Vijayaraghavan Jagamya, Kramp Kristopher, Harris Michael E, van den Akker Focco
Department of Biochemistry, Case Western Reserve University, Cleveland, OH, USA.
FEBS Lett. 2016 Oct;590(20):3669-3680. doi: 10.1002/1873-3468.12427. Epub 2016 Oct 4.
Soluble guanylyl cyclase (sGC) plays a crucial role in cyclic nucleotide signaling that regulates numerous important physiological processes. To identify new sGC inhibitors that may prevent the formation of the active catalytic domain conformation, we carried out an in silico docking screen targeting a 'backside pocket' of the inactive sGC catalytic domain structure. Compounds 1 and 2 were discovered to inhibit sGC even at high/saturating nitric oxide concentrations. Both compounds also inhibit the BAY 58-2667-activated sGC as well as BAY 41-2272-stimulated sGC activity. Additional biochemical analyses showed that compound 2 also inhibits the isolated catalytic domain, thus demonstrating functional binding to this domain. Both compounds have micromolar affinity for sGC and are potential leads to develop more potent sGC inhibitors.

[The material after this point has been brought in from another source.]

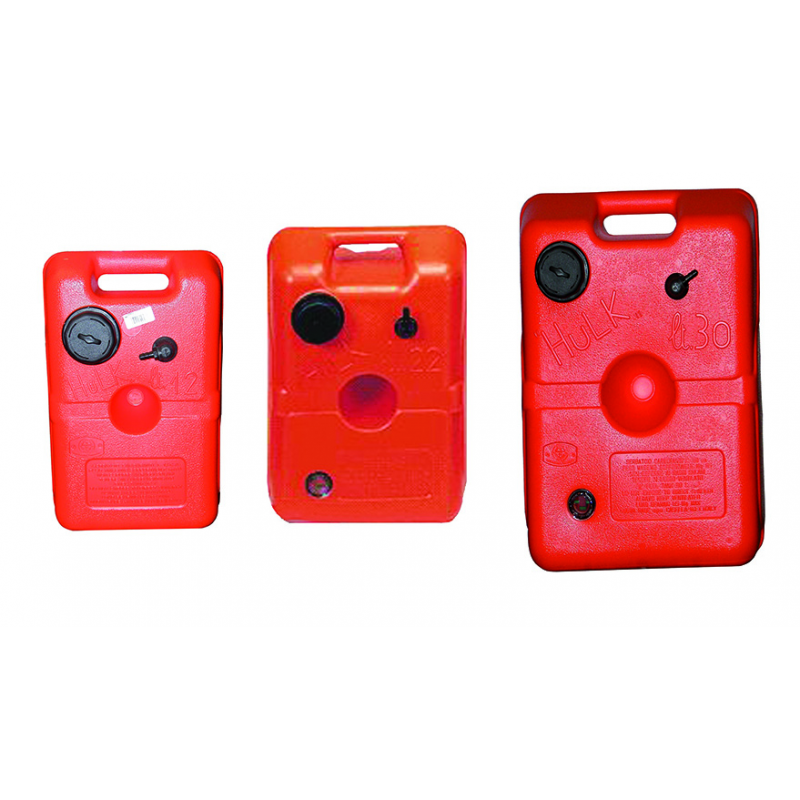 Serbatoio carburante Hulk costruito in Eltex di colore arancio con pipetta e portagomma di pescaggio. Rispondente alle norme R.I.Na./CE.

可溶性鸟苷酸环化酶(sGC)在调节众多重要生理过程的环核苷酸信号传导中起关键作用。为了鉴定可能阻止活性催化结构域构象形成的新型sGC抑制剂,我们针对无活性sGC催化结构域结构的“背面口袋”进行了计算机对接筛选。发现化合物1和2即使在高/饱和一氧化氮浓度下也能抑制sGC。这两种化合物还抑制BAY 58-2667激活的sGC以及BAY 41-2272刺激的sGC活性。进一步的生化分析表明,化合物2也抑制分离的催化结构域,从而证明其与该结构域的功能性结合。这两种化合物对sGC均具有微摩尔亲和力,是开发更有效sGC抑制剂的潜在先导化合物。